Englefield Green is a large village in the Borough of Runnymede, Surrey, England, approximately 20 miles (32 km) west of central London. It is home to Runnymede Meadow, The Commonwealth Air Forces Memorial, The Savill Garden,and Royal Holloway, University of London.

The village grew from a hamlet in the 19th century, when much of Egham (1 mile (1.6 km) to the east) was sold by the Crown Estate.


The village grew from a hamlet and medieval farmed swathe of land, known as a tithing, of the same name, combined with was a much wider, that is eastern tranche of its area associated with the former Great South West Road and its neighbouring land known as Egham Hill, both in Egham in the 19th century, when much of its land, principally in the western half, was parted with by sale from the Great Park in the Crown Estate. Parts of it in the west remain Crown Estate, mainly the entire south-east quarter of the Great Park (that non-built-up land seen in the map, shown, which is not in neighbouring Berkshire).[2]

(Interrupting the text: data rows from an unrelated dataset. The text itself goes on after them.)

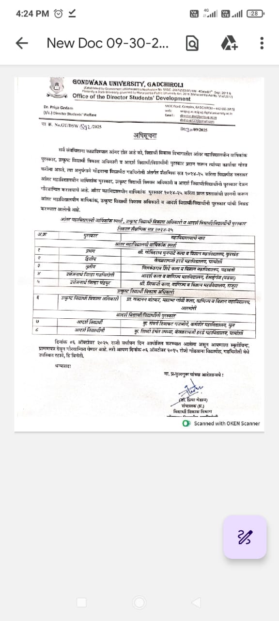 It gives me great pleasure to mention that, in affiliated colleges of Gondwana University, our college is the first who face third cycle of accreditation and NAAC conferred grade B with CGPA 2.58. Our college is recognized center for Higher Learning and Reaserch in four subject and number of students got Ph.D degree from these centres. Every year college publish a magazine named- Shabdashilp, which has been publishing finest and creative ideas on recent issues of nature and society by our students. We proud of the academic ambience, research output, sports and culture facilities and infrastructure that college provides to the students. Read More
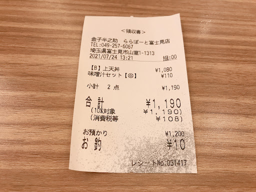Read more年末年始の中でこちらのららぽーとにお買い物行った際に、フードコートで金子半之助の天丼屋さんがあったため、日本橋で食べた以来、数年ぶりにフードコートですが、天丼の金子半之助を頂くことに…。 注文は江戸前天丼 単品 ¥1,584-を注文。
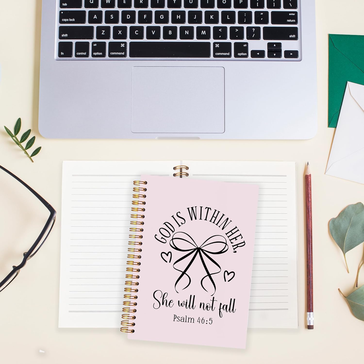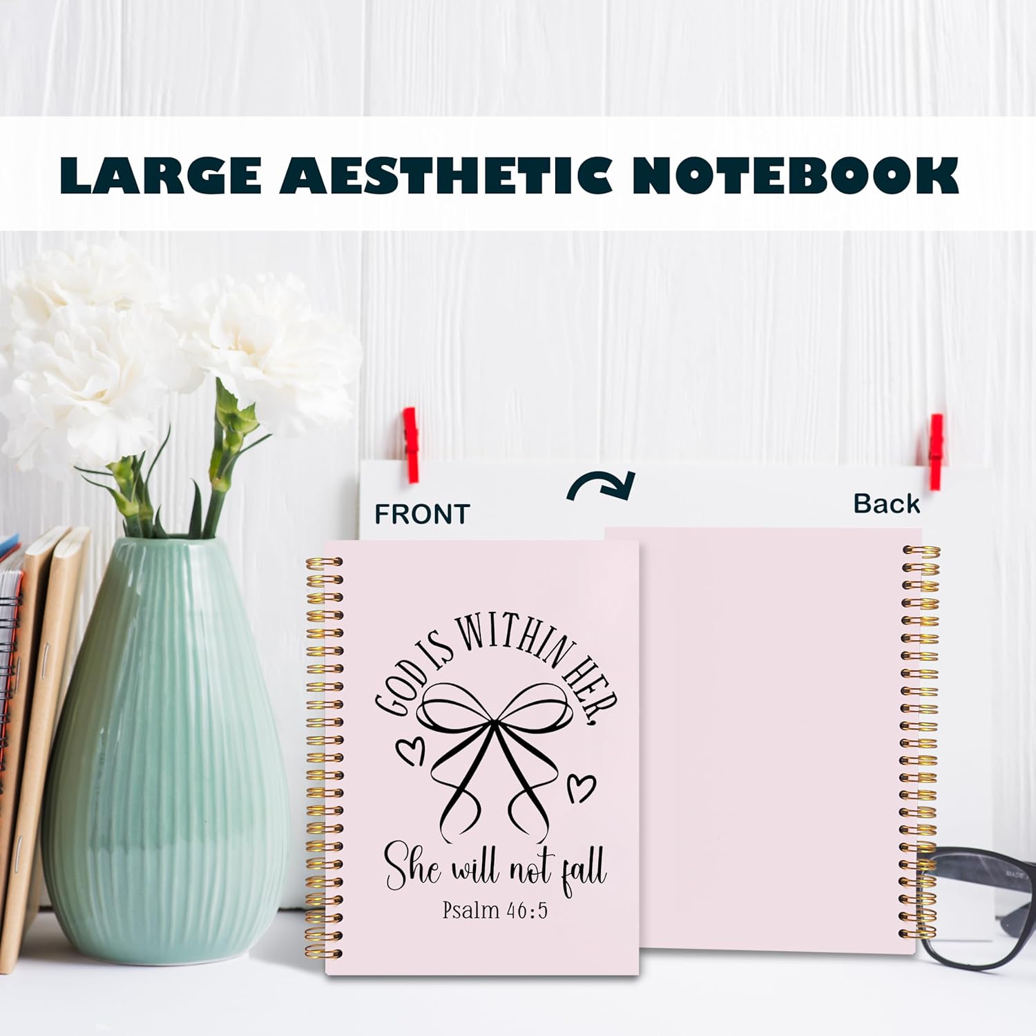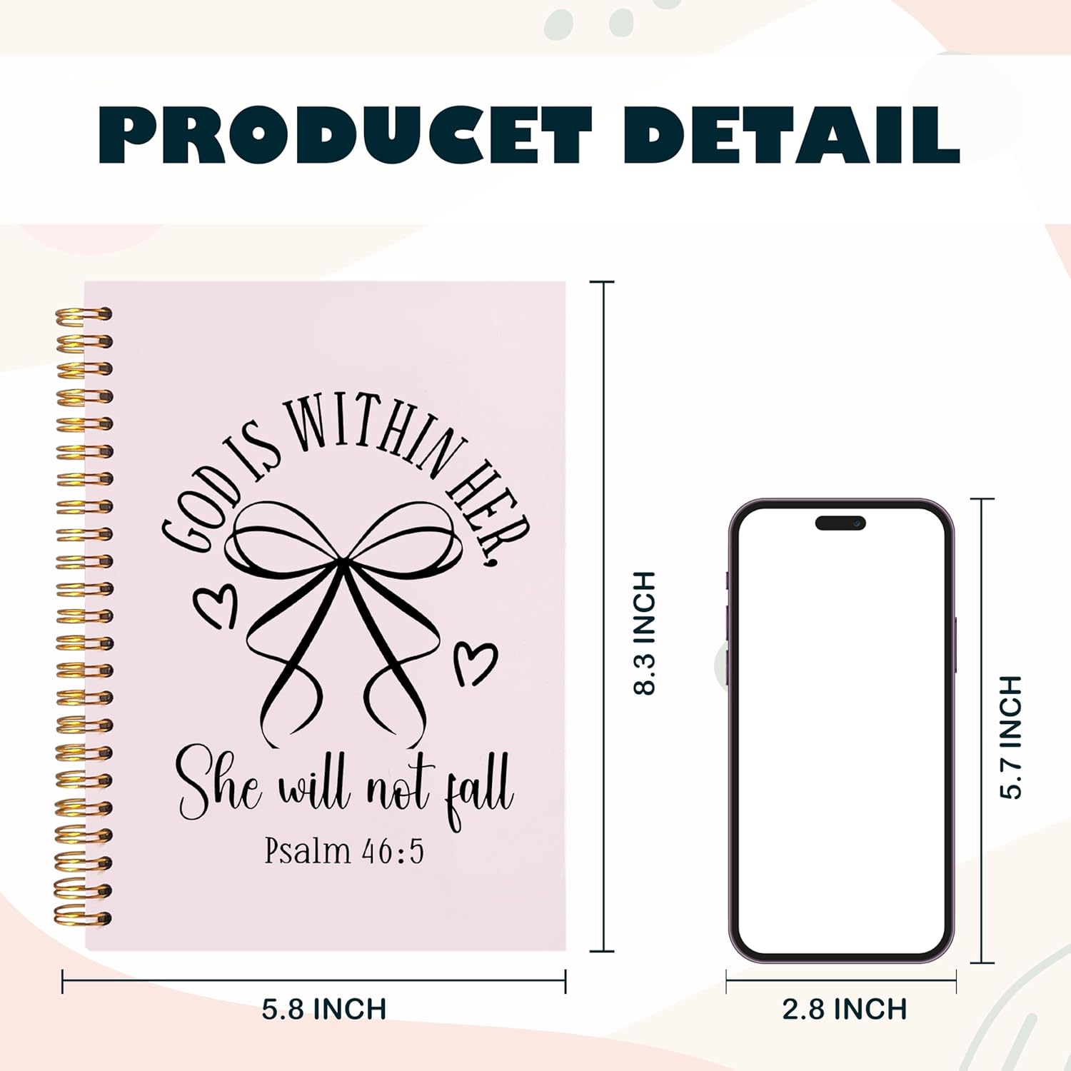 BearCake Pink Coquette Bow Christian Notebook Journal, God is Within Her She Will Not Fall Bible Journal for Women, Christian Religious Gifts for Woman, Hardcover Spiral Notebook 5.5x8.3
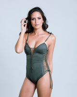Suede Look Olive Green One Piece Swimsuit For Women "SIDE"
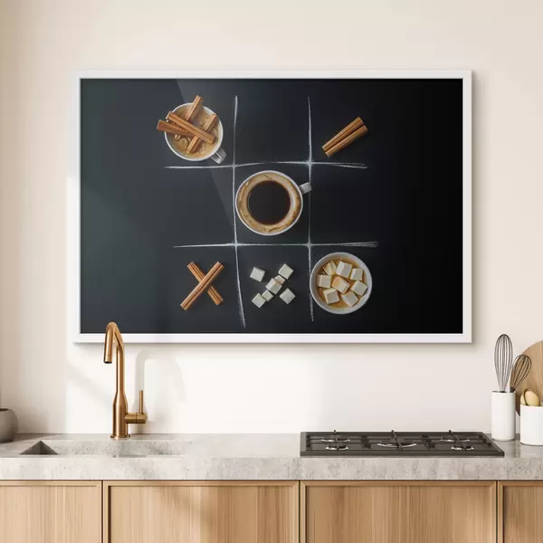 Affiche Une tasse de café avec des bâtons de cannelle, des morceaux de sucre et des guimauves disposés dans une grille de morpion Non f40163
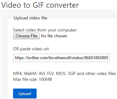EZGif is actually an online video to gif converter. When you go to this website using the link I mentioned above, you can directly paste the URL of the tweet in “paste video url” box. Then click on “Upload!” button. It will immediately extract the gif from the tweet, and will show that as a video. You can then perform the edits that I mentioned above. For example, if you don’t want to download entire gif, but only a part of the gif, then you can specify start and end time. You can also modify frame rate. Once done, just click on “Convert to gif” button.
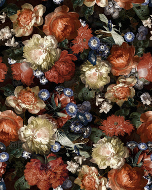 A luxurious enchanting masterpiece of floral picturesque design with beautiful antique dark shiny vintage flowers painted by
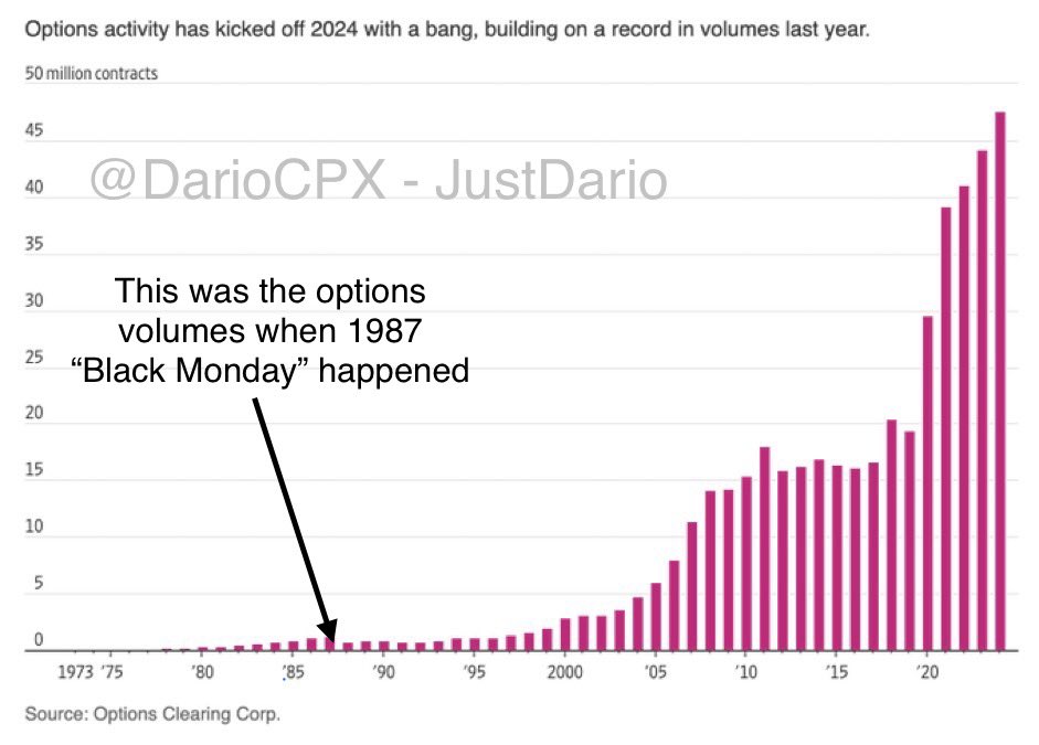 Just to help everyone to picture the magnitude of things today better I highlighted in the chart 1987 Options Volumes (when computer based strategies triggered the infamous Black Monday #stocks crash)…. https://t.co/LasjoFNkby
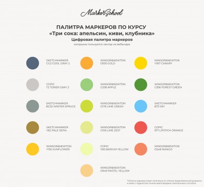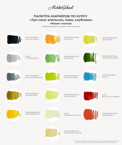 Еще раз хотим уточнить - что вы можете использовать абсолютно любые марки спиртовых маркеров. Наши преподаватели используют в своих уроках разные бренды: COPIC, SKETCHMARKER, TOUCH, ZIG KURETAKE, PRISMACOLOR, WINSOR&NEWTON. Мы учим скетчингу не привязываясь к бренду.
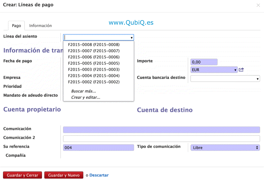 • Diario: Diario donde queremos contabilizar los pagos. Es interesante crear uno por cada banco
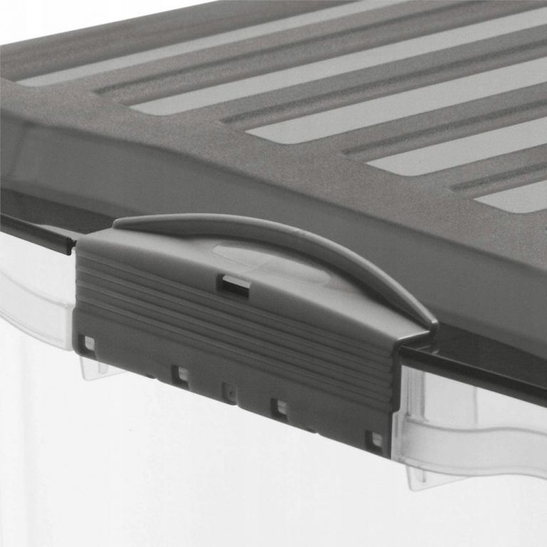 Úložný box s objemom 38 l. Transparentný box + šedé veko. Veko je opatrené klipmi proti nežiaducemu otvoreniu. Kvalitný materiál a prevedenie.
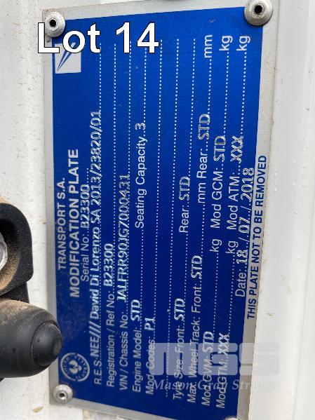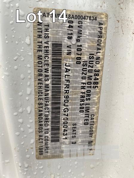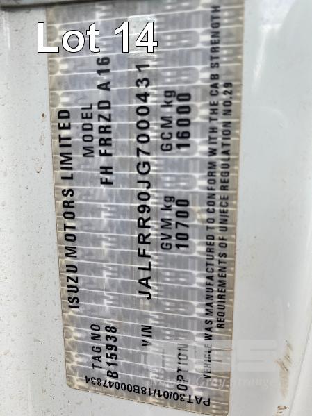 2018 ISUZU FH-FRR500 4x2 SINGLE CAB TIPPER REG: SB 67 NU (SA) VIN: JALFRR90JG700431 ODO: 75,295kms SHOWING GVM: 10,700kg GCM: 16,000kg 4 CYLINDER TURBO DIESEL, 6 SPEED MANUAL TRANSMISSION, SPRING SUSPENSION, WHITE DUCO, 2 DOORS, 3 SEAT, AIR CON, HYDRAULICS, TIPPER HOIST CONTROLS, TOW BALL HITCH REVERSING CAMERA SRS AIR BAGS 2 WAY TAILGATE & HINGED SIDES SPARE WHEEL BOOKS KEY #70 (WITH 1 KEY/S)
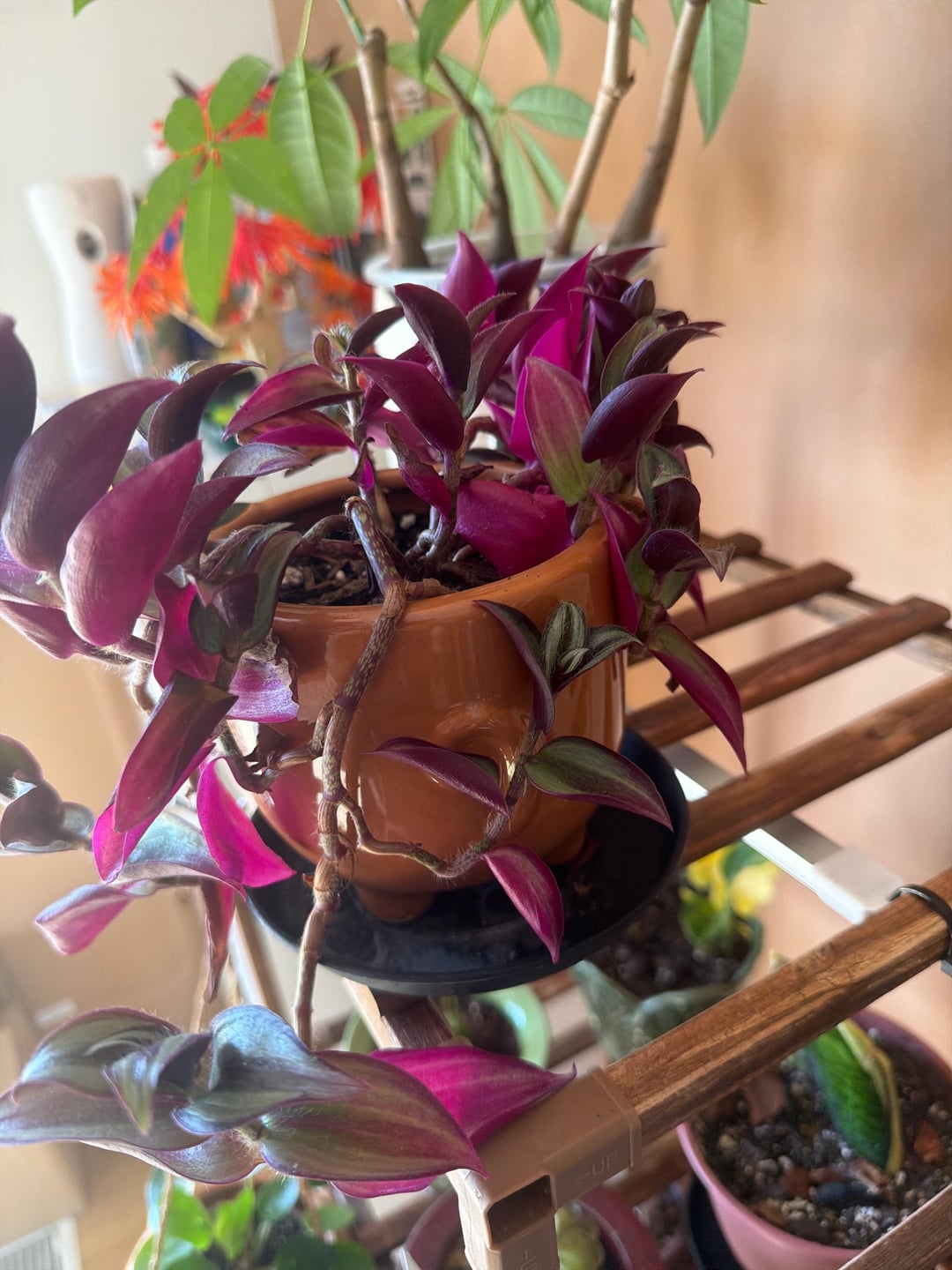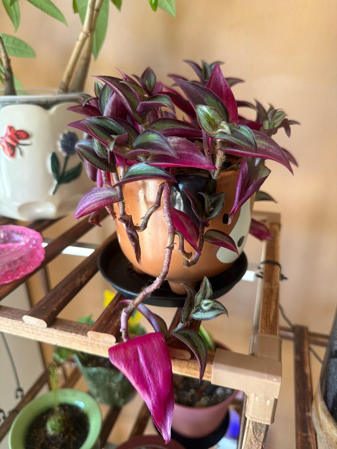 Ich bin mir ehrlich gesagt nicht sicher, was diese Pflanze ist, ich liebe einfach ihre Farben. Allerdings bin ich mir nicht sicher, ob es ihr gut geht oder nicht, weil ich sehe, dass sie an bestimmten Stellen Blätter verliert, obwohl sie an demselben Stängel immer noch wächst. Geht es mir gut oder sollte ich daran etwas ändern?

The last duel in England[edit]

The last fatal duel in England took place on Priest Hill in 1852.[3] It was between two French refugees, Lt. Frederic Constant Cournet and Emmanuel Barthélemy. Cournet was supposed to have been the better prepared for a sword duel. Barthelemy, an extremely questionable individual (responsible for at least two murders by 1852), manipulated Cournet into challenging him (supposedly over comments Cournet made about Barthelemy's girlfriend), and chose pistols for the weapon. He killed Cournet, and was subsequently arrested for murder. However, Barthelemy managed to convince the jury that it was not a homicide as in the normal sense of the word, and was acquitted. Barthelemy was widely suspected of being a spy for the new French regime of Emperor Louis Napoleon (Napoleon III). In fact his bullying of other refugees had led to the confrontation with Cournet. However, three years later, he was engaged in a crime in London, possibly involving a blackmail attempt that did not work out. Two men were killed and Barthelemy was arrested. Despite giving an image of bravado in court, this time he was convicted, then hanged. Most criminal historians and writers feel he was repugnant but he had a defender in Victor Hugo, who wrote a small panegryric to him in one of the later sections of Les Misérables, before ultimately also agreeing that "Barthelemy at all times flew one flag only, and it was black."

Air Forces Memorial[edit]

On the road north of the halls of residence is the Air Forces Memorial which commemorates by name over 20,000 airmen and women who were lost in the Second World War during operations from bases in the United Kingdom and North and Western Europe, and who have no known graves. They served in Bomber, Fighter, Coastal, Transport, Flying Training and Maintenance Commands, and came from all parts of the Commonwealth, as well as some from countries in continental Europe which had been overrun but whose airmen continued to fight in the ranks of the Royal Air Force. The names in their thousands are inscribed on panels in a courtyard.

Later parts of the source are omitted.